Is The Biden Administration Making The Worst Move In The History of American Foreign Policy?
This is not about Gaza. This is about Syria.
First, an extended recap of exactly how bonkers the world has gotten in recent years:
Since 2016, the US has had a military presence on the ground in Syria. The foot in the door was the multinational campaign against the clandestinely funded transnational oil smuggling syndicate and insurrection force known as the Islamic State of Iraq and the Levant (lands east of the Mediterranean Sea). Also known as Daesh.
In the aftermath of the fall of Mosul and the defeat of Daesh in Iraq, the remaining military force retreated into Syria.
The Syrian government is run by a man named Bachar al-Assad, the dynastic heir to the regime of his father, Hafez al-Assad. It’s incontestably the case that the US is hostile to the Assad regime. It’s a proven fact that the US has been supporting- and continues to support- military efforts by anti-Syrian government forces, to overthrow the Assad regime by force.
Nonetheless, when the Daesh insurgency that had grown up within central and west Iraq extended its power into Syria, US ground bases were granted permission to put down a small footprint, as part of the anti-Daesh effort. The US had already been allied in common cause against Daesh with other forces in the region- both Iraqi military and the Iranian Republican Guard (then led by General Quassim Suleiman, later decreed a terrorist leader and assassinated by a US airstrike.) But Suleiman had (temporary) common-cause ally status at the time when US forces were first allowed a presence on the ground in Syria. The deal was brokered by Vladimir Putin. Also doing his part in the common struggle to defeat Daesh, no? No one thinks Daesh is cool, right? (Except for whoever it is that was funding the now-defunct ISIL, through whatever means.)

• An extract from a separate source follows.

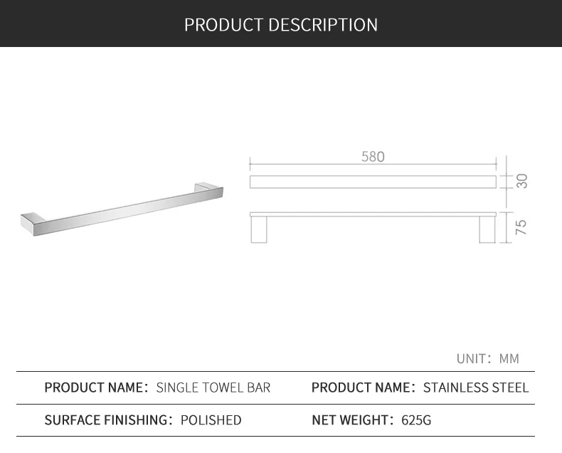 24-дюймовая вешалка для полотенец из нержавеющей стали, одноместная стойка для полотенец, квадратная вешалка для полотенец в отеле, держатель для полотенец для душа

This situation is complicated by the fact that the US ground bases in Syria weren’t allying with the Syrian Army. The territory of most of the US bases is in the eastern mountains, in areas run by Kurdish militias. Politically speaking, the Kurds of Syria play several roles in turn: for example, they’re one of the several anti-Assad opposition military insurgencies! But the Kurds also did a lot of infantry fighting to defeat Daesh in Syria, and that bought them some measure of local autonomy. Although not enough to ward off clashes with the Turkish Army on their northern border, including a substantial international refugee situation.
Additionally, let’s review: the Kurds are Sunni. The Turks are also Sunni. Daesh is nominally Sunni.
Assad is an Alawite (more akin to Shia than Sunni.) Syria itself is Alawite plurality, also more standard Shia than Sunni.
The anti-Daesh effort began in Iraq, and regular Iraqi Army units (Shia and Sunni) were assisted (a lot) by unofficial Iraqi militias that were entirely Shia. As were the Iranian Republican Guard units, also Shia.
The US joined in the war against ISIL- allied with the Iraqi Army of the regime (which the US has equipped, to the tune of billions of dollars made by the US weapons industry), later joined by the Shia Muslim militias like the Mahdi Army, and comrades-in-arms with the Shia Iranian Republican Guard in the fight against Daesh. Until, once Daesh was banished from Iraq and reduced to a vestige (at least in the Middle East), Qassim Suleiman had his use immunity lifted, evidently.
If you’ve forgotten: Daesh is (nominally) Sunni Muslim. As are the Kurds. As are the Turks.
Both the Kurds and the Turks are allies of the US. Except that some of the insurgent groups have been designated as terrorist groups by the US government.
Somehow, this situation got turned into a 3-D chess, six-sided war zone: the US ground presence in Syria originally amounted to policing the conflict between the opportunism of the Turks and the rebellious localism of the Kurds, and who knows what else local shit that we can’t know anything about. (US aerial bombing was the primary tactical effort by the US in Syria.) I’m doing my best to simplify this, as takeaways. There’s more to it.
https://www.aljazeera.com/news/2022/8/24/why-does-us-still-forces-syria-explainer
The upshot of it all is that the person who originally brokered the agreement for a US presence in Syria- Vladimir Putin- has since renounced it. US armed forces have remained there. Mostly in the Kurdish areas- but also in the southeast corner, where there are a lot of oil wells.
Allow me to be the first to ask this in an American news media source. What does Bachar al-Assad think about US military- let’s call them encampments- on the territory of Syria?
What does the leader of Syria think about US airstrikes on Syrian territory, to defend the continuing presence of the US “military presence”?
What does Assad- or a random sample of Syrians, outside of the Kurdish areas- think of the characterization of the alleged paramilitary groups operating in Syria against US forces are “Iranian-linked”, rather than “Syrian linked”?